Another audience member mentioned again the likelihood of organic matter from meteoritic impacts, or maybe an igneous, hydrothermal type of abiotic organic matter, which should be all over Mars. Biological organics might also contribute to the organic content on Mars. She said that the Viking experiment would not have broken down all organic macromolecules, because the samples were only heated to 500°C. Therefore, organic macromolecules would not have been detected by Viking. She then said that the release of oxygen complicates the analysis. However, it might be helpful because that means it could combust with the organics allowing for its detection. Clark said that the martian surface should contain organic materials approaching the 1,000 parts per million (ppm) level just from meteorites, judging by both the nickel content of the soil and the impact rates. Therefore, much of it seems to have been oxidized, converted, or degraded to result in the low levels seen today.

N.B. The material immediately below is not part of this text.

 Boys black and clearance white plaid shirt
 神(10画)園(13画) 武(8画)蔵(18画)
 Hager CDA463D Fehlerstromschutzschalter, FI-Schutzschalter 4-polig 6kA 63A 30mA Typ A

A workshop participant asked what the salts (iron sulfates, magnesium sulfates, chlorides, and bromides) found in the Gusev Crater imply about Mars. She said that they have sometimes been interpreted as showing modern mobility of fluids in the top meter of soil. Clark said that the Spirit rover found material that is a mixture of ferric sulfate, magnesium sulfate, and a silica-independent phase at multiple elevations. He has no clue how water could have distributed them this way. Clark also doesn’t know why they haven’t found more concentrated occurrences of chlorine, especially since perchlorates significantly depress the freezing point of water, whereas sulfates do not. This means that the perchlorates and chlorides should be mobile and become highly concentrated, while sulfates should remain more diffuse. However, the opposite is seen. Bromine, he said, is extremely erratic and could be mobilized just by frost, since bromine is also a powerful freezing point depressor.

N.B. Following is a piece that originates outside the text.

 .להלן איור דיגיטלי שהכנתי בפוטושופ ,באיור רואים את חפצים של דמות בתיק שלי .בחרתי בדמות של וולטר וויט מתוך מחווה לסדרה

The last question to Clark was whether he thought that Wolf Vishniac’s “Wolf Trap” should have gone to Mars. The Wolf Trap was designed to place martian dust into a tube containing nutrients in liquid form. Properties such as the pH and turbidity would then be monitored for signs indicating life. However, we now know that martian dust in the atmosphere is in the 3 to 4 micron class, much finer than Earth’s dust. Therefore, suspended dust particles would have confounded the experiment. The question was subsequently addressed when the pH of soil was later measured directly by Phoenix. Vishniac did, however, make an enormous contribution to the thought processes behind the search for life on Mars.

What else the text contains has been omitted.